Aim:
To isolate, identify and Mass
production of Trichoderma viride.
Introduction:
Trichoderma
viride is very promising method against soil borne plant parasitic fungi. The
fungal pathogens play a major role in the development of diseases on many
important field and horticultural crops; resulting in severe plant yield
losses. Intensified used of fungicides has resulted in accumulation of toxic
compound potentially hazardous to human and environment an also in the buildup
of resistance of the pathogens. Large scale production, along with shelf life
and establishment of bioagents in targeted niche, determine the success of
biological control. Therefore cost effective large scale production, shelf life
of formulation, establishment of bioagent in to targeted niche and consistency
in disease control are the primary concern with augmentative biological
control. Adaptation of technology in the biocontrol arsenal needs to be
investigated. Development of acceptable easily prepared and cost effective
formulations for delivery should be major goal.
Materials Required:
PDA Medium
Grains (Rice, Wheat, Pulses)
Procedure:
Isolation and Identification of T.
viride
Fungal species Trichoderma viride was
isolated from soil samples by using potato dextrose agar (PDA) mediumGreen
conidia forming fungal bodies were selected and microscopic observation was
identified to be Trichoderma viride. The culture was maintained on PDA slants.
Grain Medium
Three Grains viz rice, wheat and pulses were
used for estimating the biomass of Trichoderma viride at 26 ˚C. 20 g of
each grain was washed well and boiled in distilled water for 1 hr. and then
mesh properly and filter it, now makeup 1 liter with distilled water. Now these
grain mediums were packed separately in individual 500 ml conical flask for Trichoderma
viride. They were plugged with cotton wool and autoclaved at 15 psi for 1hr
at 121˚C. After cooling, 1 gm of the fungal culture was inoculated into each
flask, separately. All these action were done under laminar air flow chamber.

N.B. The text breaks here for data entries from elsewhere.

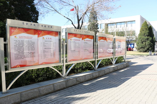 3月25日,“2016年度师德标兵”风采展在一号教学楼前宣传橱窗展出。
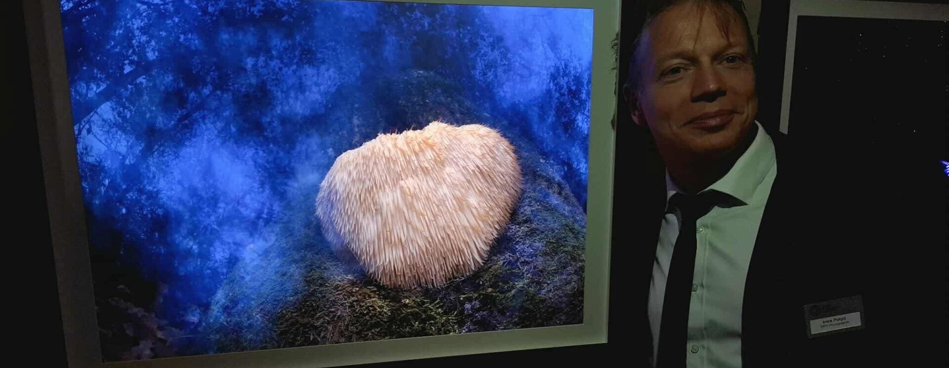 Potyó Imre immár hetedik alkalommal kapott meghívást a londoni díjátadóra, ezúttal a Növények és gombák (Plants and Funghi) kategóriában. A természetfotós egy ritka, védett süngombát örökített meg a börzsönyi erdőben, a kékóra sejtelmes fényében.
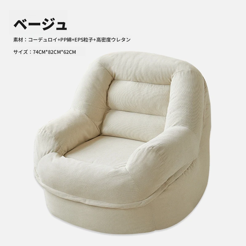 【アイボリー】粒タイプ-肌触りの良い柔らかいコーデュロイ-取り外し可能-一人用
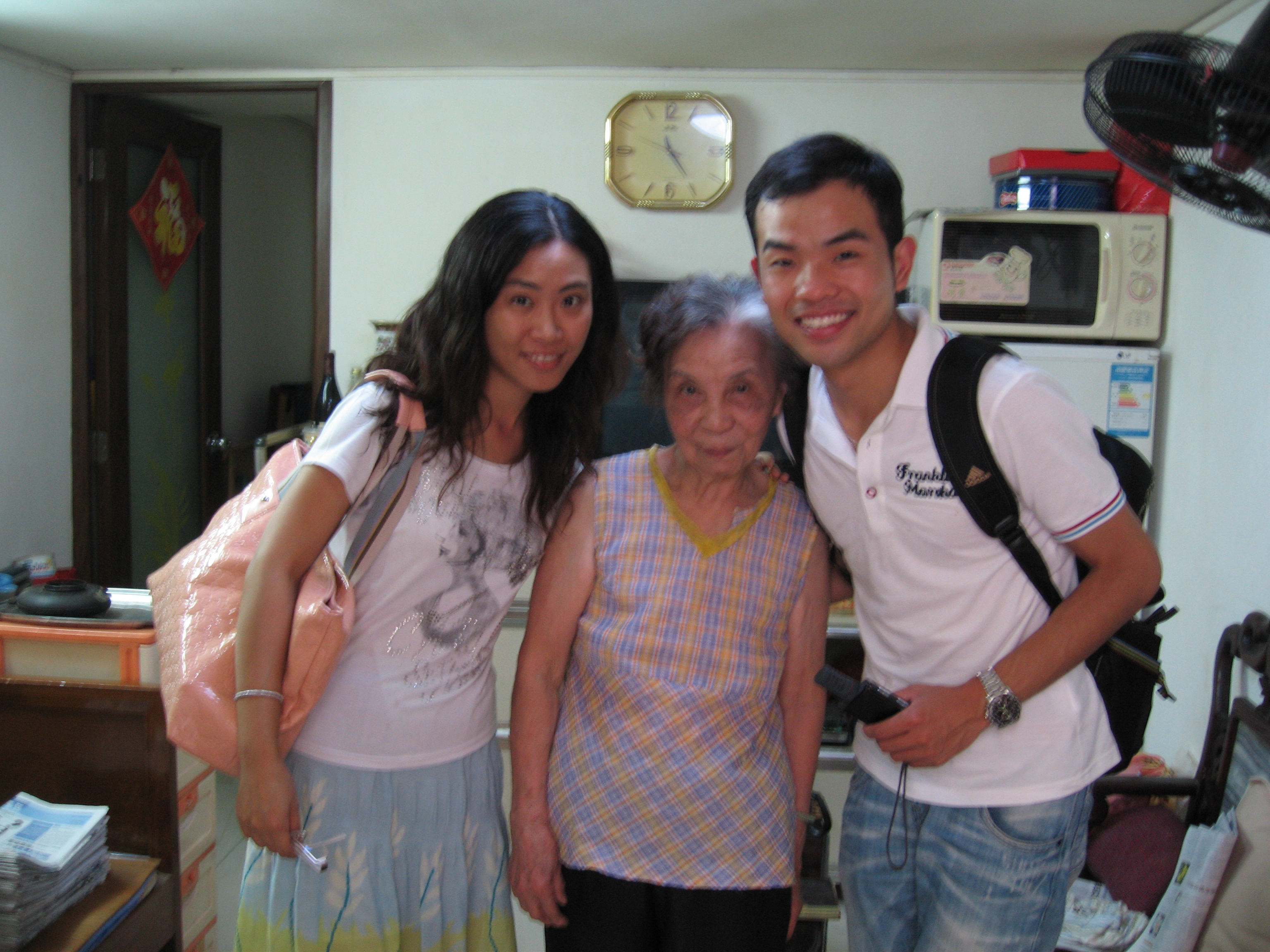 記者陳菲、小磊采訪結(jié)束之后,與被訪嘉賓,今年80歲的廣州海珠區(qū)老人戴艷芳合影
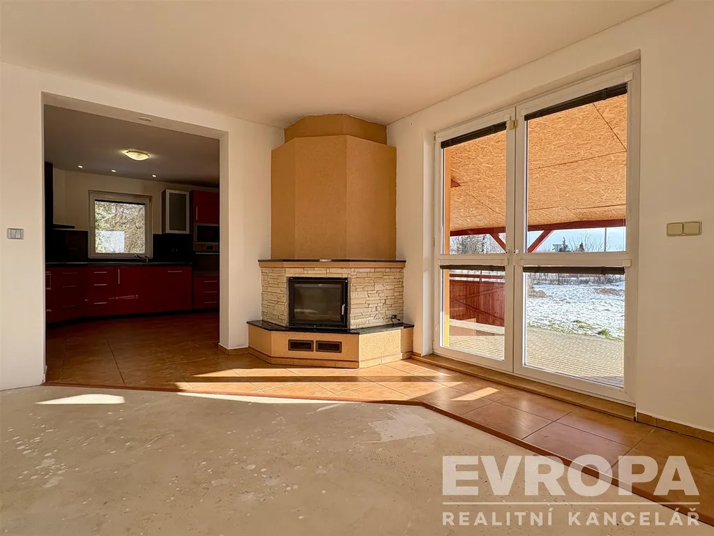 • Společenská zóna: Srdcem domu je prosluněný obývací pokoj (22 m²) s krbem a přímým vstupem na terasu, která v létě přirozeně rozšiřuje vnitřní prostor. Na obývací pokoj plynule navazuje kuchyně s jídelnou (12,6 m²).
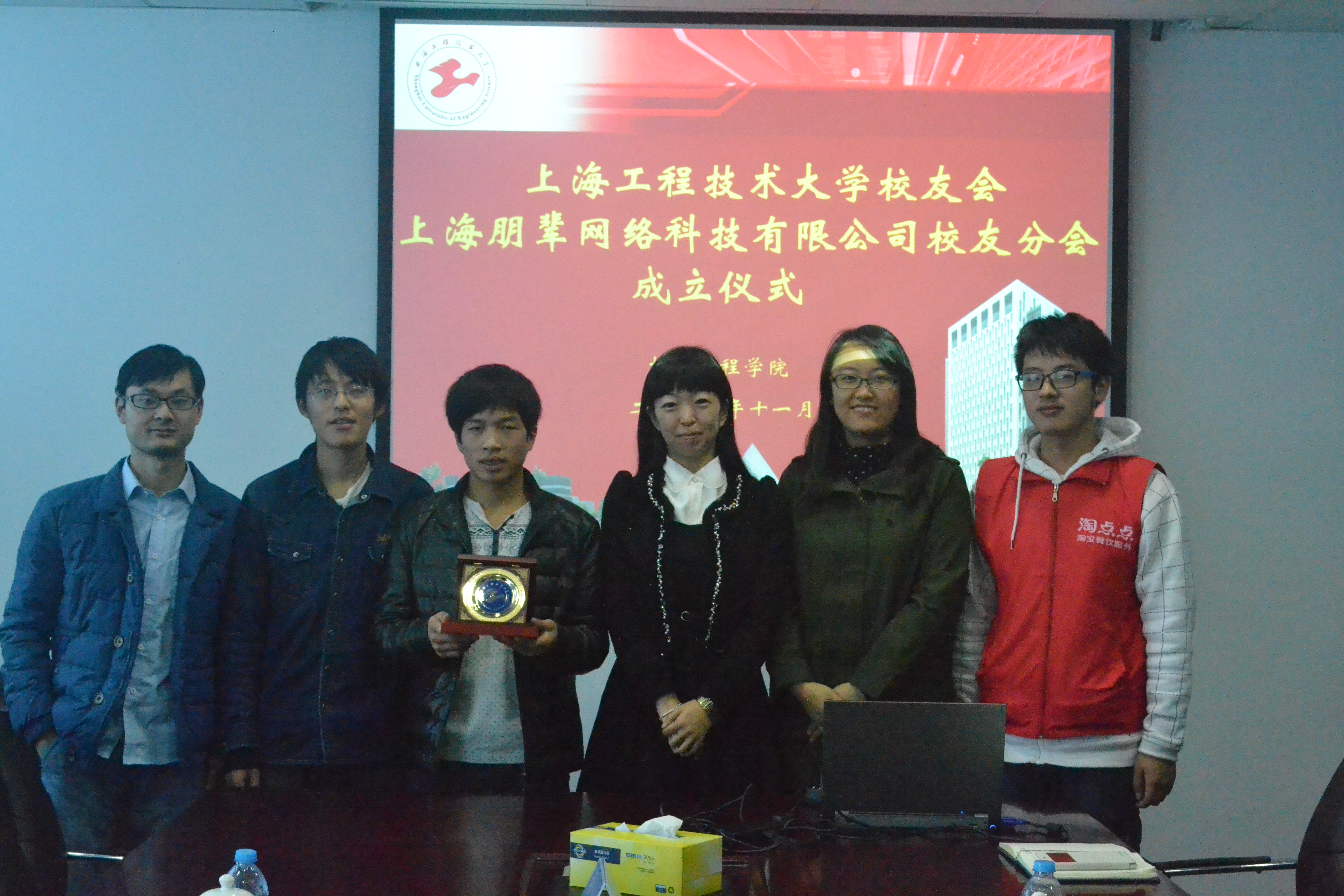 随后,梅书记和上海朋辈网络科技有限公司的负责人曾东为上海朋辈网络科技有限公司员工分会的正式成立揭牌。揭牌仪式后的讲话中梅老师希望员工能够常回母校看看,并要求他们能够在自己的工作岗位中尽职尽责,发扬公司的“勤奋、求是、创新、奉献”精神。
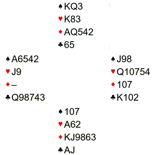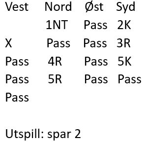 Det er en bitte lille annen mulighet som jeg nevnte, satse på et innspill. Hvis spar konge legges i første stikk forventes at esset kommer på fra øst fulgt av mer spar, eller mer sannsynlig kløverskift. La oss si at det sitter slik at øst stikker sparhonnør med esset og det kommer kløverskift til esset. Da kan trumfen tas ut og sparen elimineres med den andre honnøren fulgt av den siste sparen til stjeling. Så tas A-K i hjerter fulgt av kløver kløver knekt i håp om at vest kommer inn og at han ikke har flere hjerter. I så fall må vest fortsette med spar- eller kløver til dobbeltrenons som gir avkast av en hjerter fra den ene siden mens det stjeles på den andre. Dette avhenger av at vest har kun to hjertere fra start, ikke umulig (og det hadde han jo). Men for at det skal fungere må vest også ha K-Q i kløver, og det er veldig usannsynlig, for med K-Q i kløver ville nok vest spilt ut kløver konge.
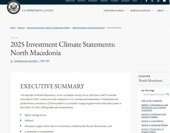 Стејт департмент: Водењето бизнис во Северна Македонија е генерално лесно, главен предизвик е корупцијата

They were incubated in BOD incubator at 26˚C for 3 weeks. To avoid clumping,
after 7 days of inoculation, the flasks were shaken vigorously to separate the
culture and to break the mycelial mat. After 14 days of incubation, the
mycelial mat appeared in flasks. Now it was grow well for 21 days. The flasks
were shaken in mechanical shaker for 10 min. The suspension was filtered
through double layered muslin cloth and then taken biomass in each grain
medium.
Result:
Among the grain media, pulses medium
produced significantly higher of biomass production was recorded in Trichoderma
viride. Abundance of minerals in the pulses medium may enhance the growth of
fungi. Rice and wheat medium also supported the growth of both the tested
fungi.
Ref:
Mridula et.al., 2012. Isolation,
characterization & biomass production of Trichoderma viride using various
agro products- A biocontrol agent. Advances in Applied Science Research, 2012,
3 (6):3950-3955.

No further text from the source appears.